I wrote many years back that, for the martial law torture victims, the “unkindest cut of all” is not in being forgotten but in being misunderstood. The other day, they suffered another legal setback, in yet another instance of foreign courts misunderstanding the role of the extraterritorial adjudication of human rights abuses.
The US court returned the case to us because it lay “within the province of Philippine national sovereignty.” Yet why did the victims turn to American courts in the first place? Because our local courts were loath to act on the victims’ desperate pleas.
In 1995, the human rights victims won $2 billion in damages in a Honolulu court. In that case, 9,500 human rights victims filed suit against the Marcos estate, citing a leading 1980 American case, Filartiga v. Peña Irala, wherein US courts were allowed to try human rights violations committed abroad even when both the torturer and the victim were foreigners (or in legalese, without any jurisdictional link to the forum). To this day, that judgment is largely unenforced.
That is why the victims recently tried to collect some $35 million held in a US bank in the name of a dummy Panamanian corporation formed by the Marcoses in 1972 (the year martial law was proclaimed). However, they were opposed by the Philippine government, which claimed the sum for itself. Our own Sandiganbayan had earlier found that the moneys were ill-gotten wealth purloined by the Marcoses, and declared them forfeited in favor of the Philippine government.
The Philippine Supreme Court has also declared that all the ill-gotten wealth “supposedly originated from the government itself [and to] all intents and purposes belong to the people [and] must be returned to the public treasury.” Thus we encounter the first irony: The human rights victims are pitted against the Filipino people and the government that represents them.
The second irony is that these funds, once recovered, are earmarked for agrarian reform. This will pit the human rights victims against the Filipino peasantry. Each group holds a powerful claim to justice: the peasants to the land they till, the torture victims to the monetary compensation for their suffering. Yet this tug-of-war is by no means inevitable or necessary. Indeed, the two groups should be natural allies because the activists are fighting anyway for peasants’ rights, among their many causes. What sets them against one another? It is actually Philippine law that forces them to claim against the same pot of money. In other words, we could have structured it differently so that it’s not a zero-sum game.

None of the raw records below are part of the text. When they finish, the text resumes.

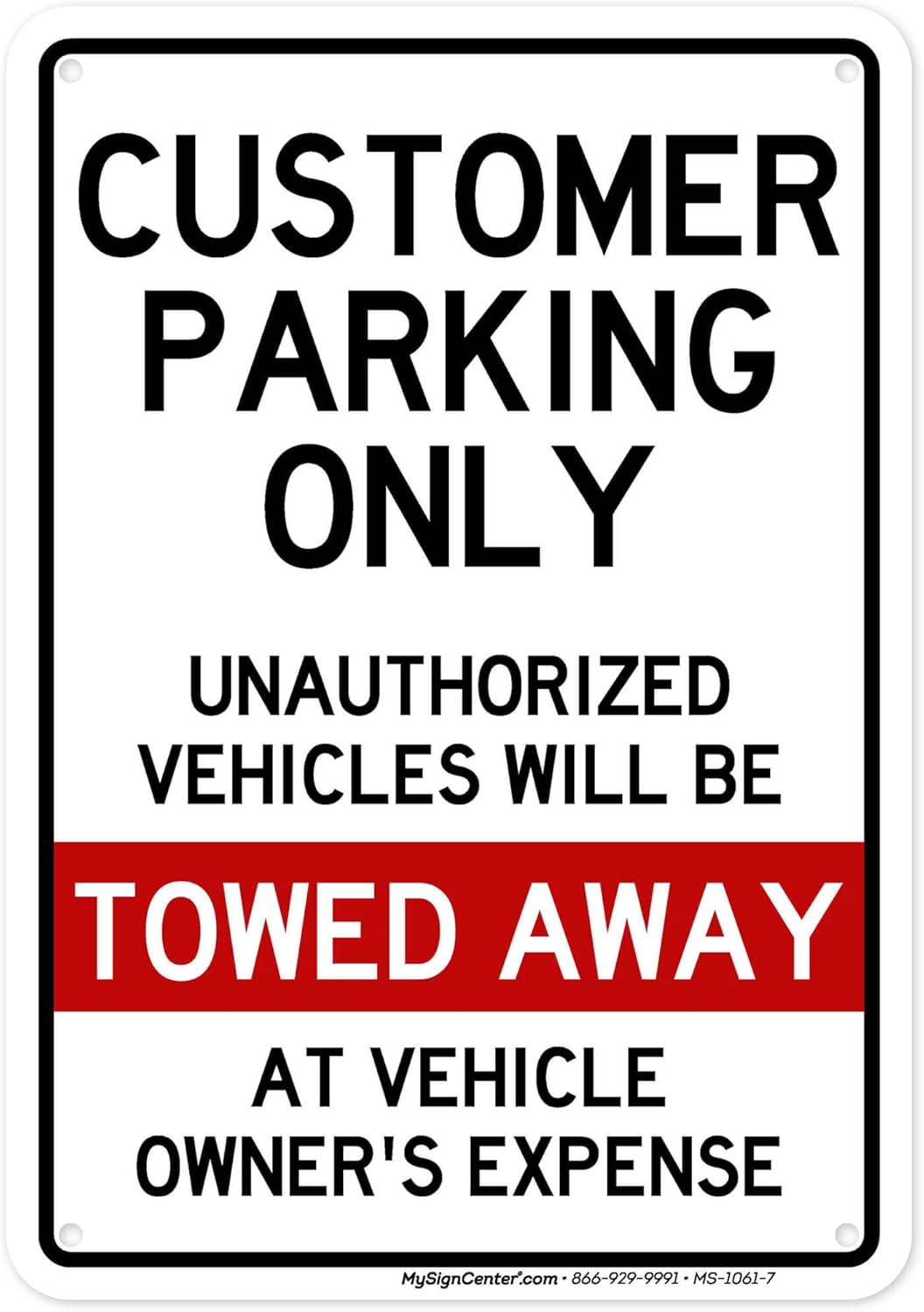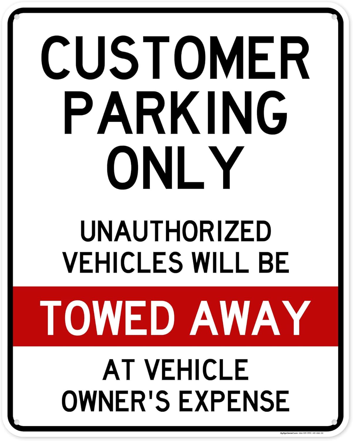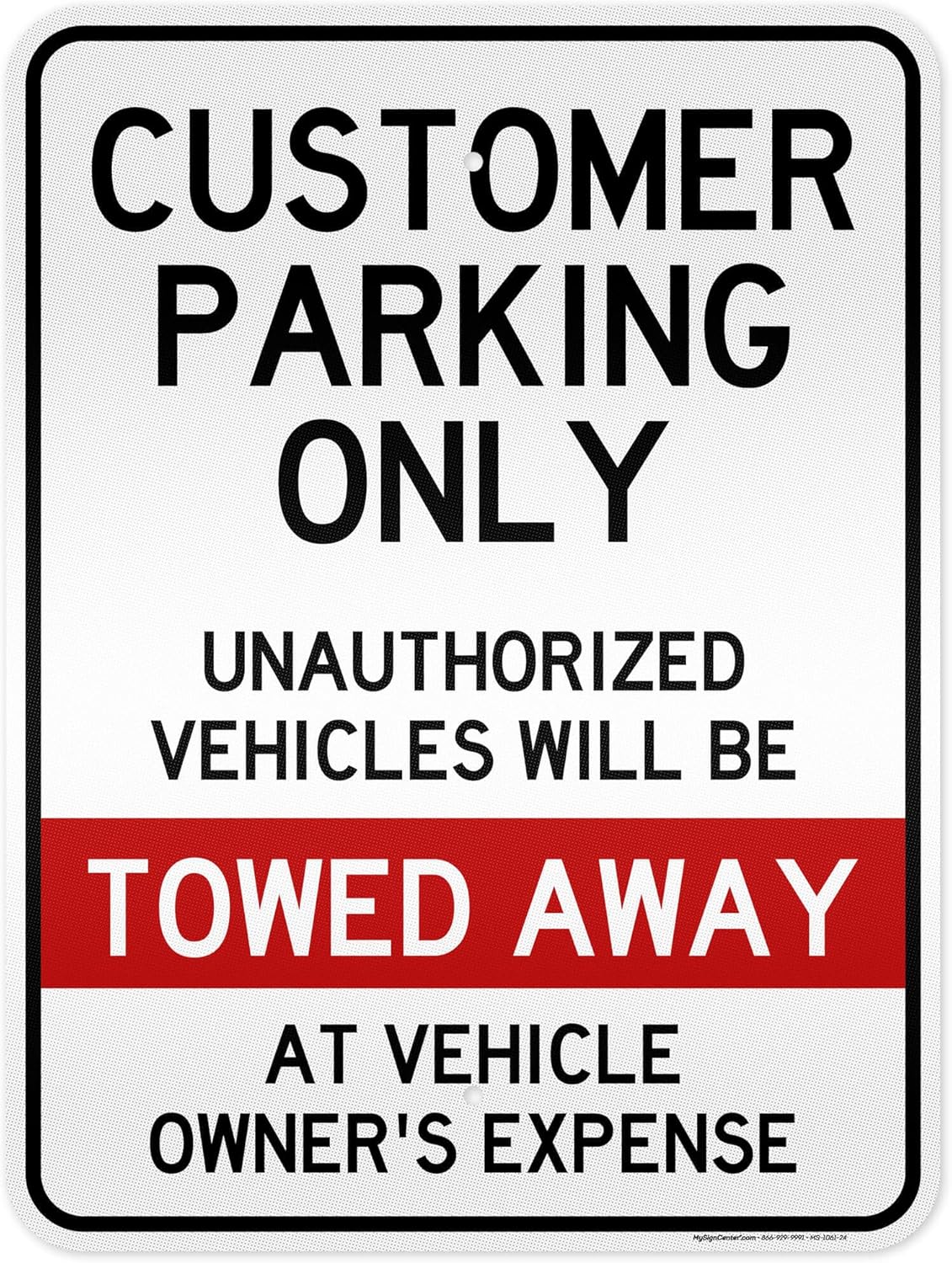 Customer Parking Only Unauthorized Vehicles Will Be Towed Away At Vehicle Owner's Expense Sign, 18"x24" Polyethylene, Indoor/Outdoor Use, USA MADE By My Sign Center
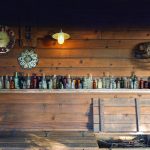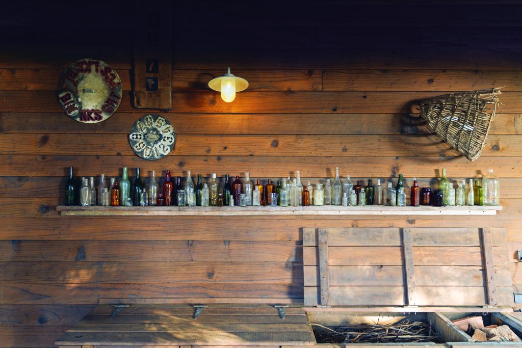 - History speaks through each object in this display above the firewood boxes. Bottles in muted colours and shapes were found over the years near an abandoned railway construction camp on the farm, the three wool-bale stencils on the wall are no longer used, and the fishing net came home with the family after they’d lived in southern Africa.
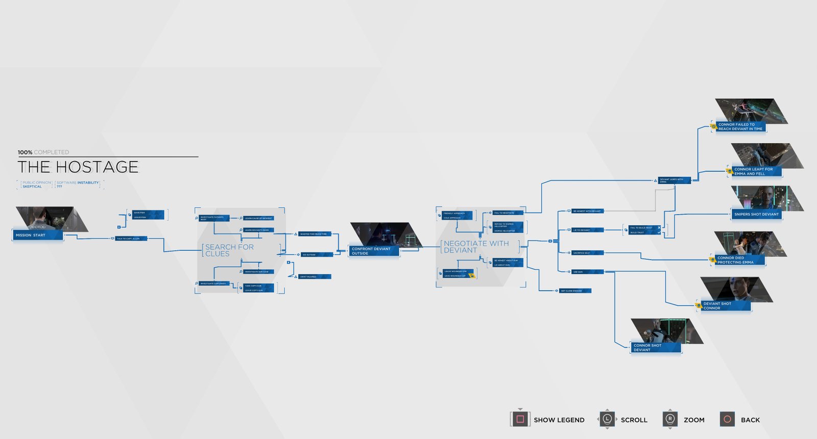 Todas as escolhas que você fizer dará uma história diferente e, consequentemente isso mudará o todo o contexto ao longo da história. Algo que você acha em meados da história ou as próprias decisões que escolherá, terá experiencia diferente. Quanto mais a história se modifica, mas diferente ela será. Muitos dessas histórias são até divididos em blocos para que não haja um desinteresse para quem assiste, mas todos são feitos conforme linhas como por exemplo a imagem acima para não perder os contextos.
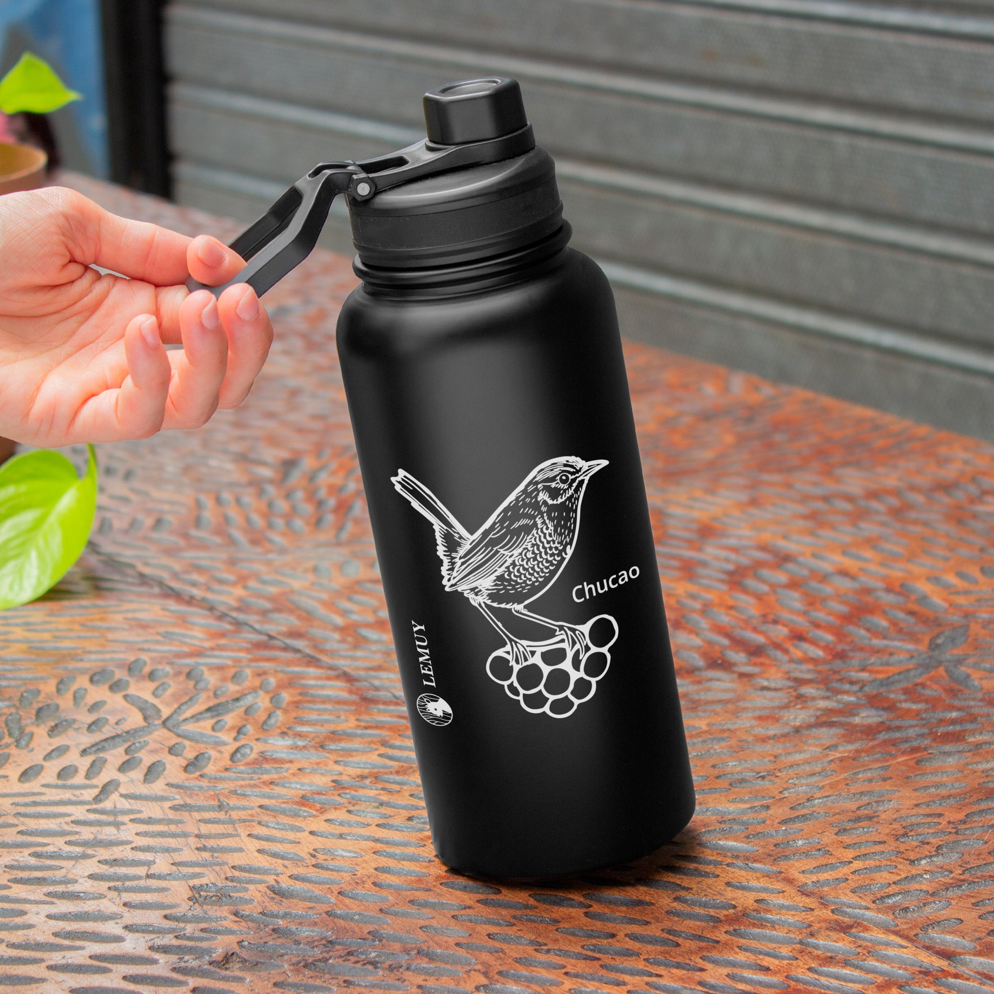 Esta hermosa y gran botella ilustrada ¡de 1 litro! será tu compañera confiable para almacenar y transportar líquidos, ya que mantiene hasta 12 hs la temperatura de las bebidas calientes y 24 hs de las bebidas frías.Viene con una tapa con anillo de silicona, boquilla con cierre rosca antiderrame y una manilla plástica para su agarre y transporte.
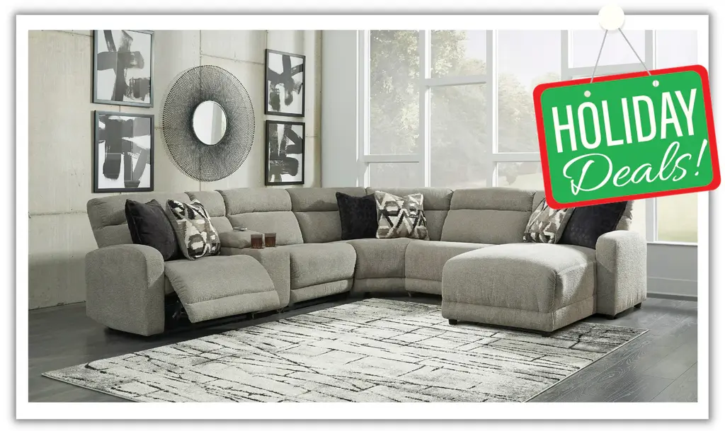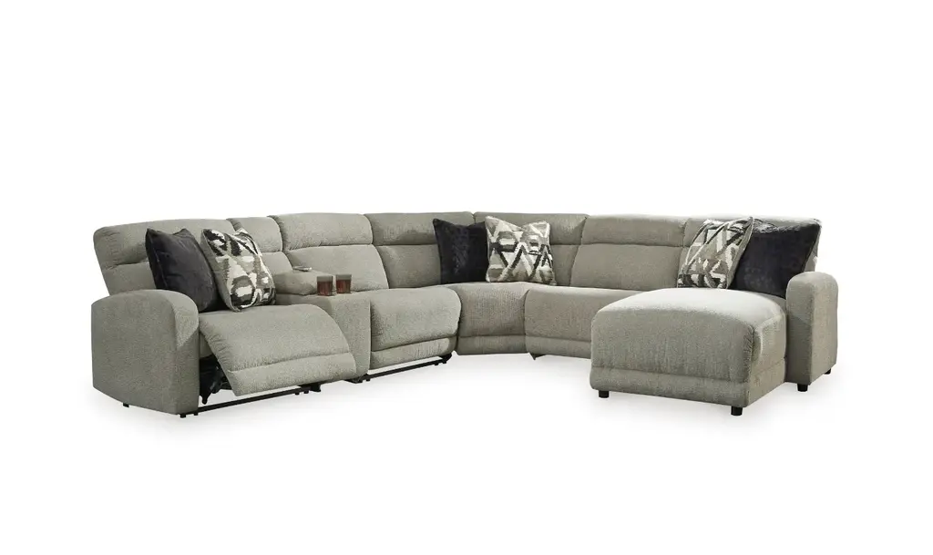 Elevate your living space with the Colleyville 6-Piece Power Reclining Sectional with Chaise – a modern marvel of comfort and style. This modular sectional is designed for the contemporary home, wrapped in a decadently plush stone-tone fabric that exudes neutral versatility. The clean-lined divided back, curved track arms, and low-profile back create a chic and relaxed aesthetic, making it the perfect addition to your living room. Enjoy the convenience of one-touch power controls with adjustable positions and a zero-draw USB plug-in, providing comfort and functionality. The "left-arm" and "right-arm" configurations seamlessly fit into your space. The sectional features a corner-blocked frame with metal-reinforced seats for durability, and the high-resiliency foam cushions wrapped in thick poly fiber offer exceptional comfort. Accent pillows are included to enhance the overall aesthetic, while the console with 2 cup holders and hidden storage adds practicality to the design. With zero-draw technology, the sectional consumes power only when the USB receptacle is used, making it an energy-efficient choice. Bring contemporary elegance and advanced functionality to your home with the Colleyville Power Reclining Sectional.Note:6 Pieces Includes -Left-arm facing zero wall power recliner, Armless power recliner, Armless chair, wedge, Right-arm facing power reclining back chaise and Console with storage
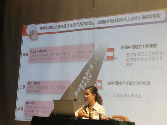 王晓燕副教授以《肃南裕固族自治县建立“共同富裕示范区”研究》为题,以“共同富裕”为中心,分别介绍了绝对富裕、相对富裕的概念,表明了共同富裕的经济基础是社会生产力高度发达,没有国家富强就谈不上全体人民共同富裕;此外,结合国家政策从建设背景、实现路径两方面描述了肃南建设“共同富裕示范区”的战略部署。
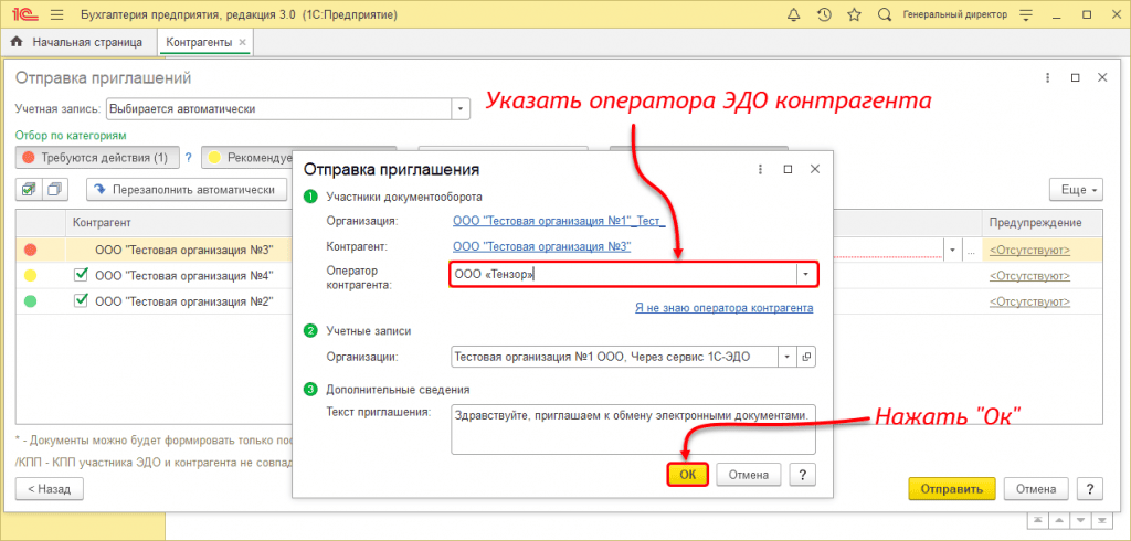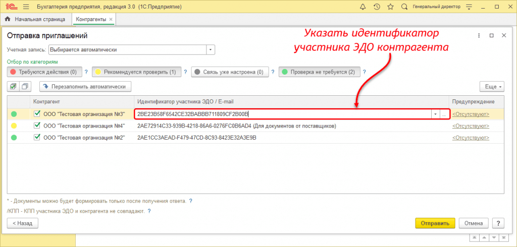 Откроется окно отправки приглашений, в котором система проверит наличие данных о контрагенте в сервисе и предложит пользователю выполнить определённые действия, которые разграничены цветовыми индикаторами.

This was not the only time that the victims’ pleas were frustrated by the Philippine government. When the victims tried for “recognition and enforcement of foreign judgment” and tried to enforce the Honolulu award in a Philippine court, our local courts mechanically and unsympathetically levied a stiff filing fee; after all, the filing fee is computed on the basis of the award sought to be enforced, in this case, $2 billion. The martial law victims had to go all the way to the United Nations Human Rights Committee, which sustained the victims and held that the local courts had thereby denied them an effective remedy under Philippine law.
The third irony is that, the last time some $384 million was transferred by the Swiss to the Philippine government, it ended up being used in the 2004 “fertilizer fund scam” to fund the presidential campaign of Gloria Macapagal-Arroyo. The foreign court thought it was doing the right thing giving back the money to the Philippine government.
It is significant that today, the leader of the human rights claimants is no less than the chair of the Commission on Human Rights, Loretta Ann Rosales. She said: “I feel rather sad that a historical judgment won for victims of martial law … should be resisted by purely legal arguments, blind to the spirit of the historical judgment: Compensate those who fought for the freedom we enjoy today.”
The final irony for “those who fought for the freedom we enjoy today” is that it is that freedom that has allowed our courts to look the other way. Not a single Philippine court has ever dared hold Ferdinand Marcos liable for the disappearances, torture and arrests under his regime. This has forced his victims to turn to American courts for justice. It has taken a Honolulu court to render them the justice that Philippine courts have failed to give. And now our courts, called upon merely to enforce a judgment that foreign courts have done them the favor of making, have faltered and balked.
More than a quarter-century after the restoration of democracy, it is time for a political solution in the form of a compensation bill passed by Congress. Some have raised the issue of how to rectify injustices suffered in the distant past. Remember that victims of the wartime internment of Japanese-Americans in World War II were compensated only under President Bill Clinton, a good 50 years later. The passage of time should not be a problem.
Another “distant past” issue arises when the actual human rights victim has died and the claimant is usually another family member. To start with, a good number of the actual sufferers are still alive and indeed are precisely in the twilight of their years when they direly need the award. But even otherwise, the typical children of the human rights victims rightly deserve to partake of the award since they, too, have suffered a part of the ordeal that their parents endured.
The recent setback before US courts must prod our Congress to finally pass the compensation bill to bring closure to this dark chapter in our nation’s story.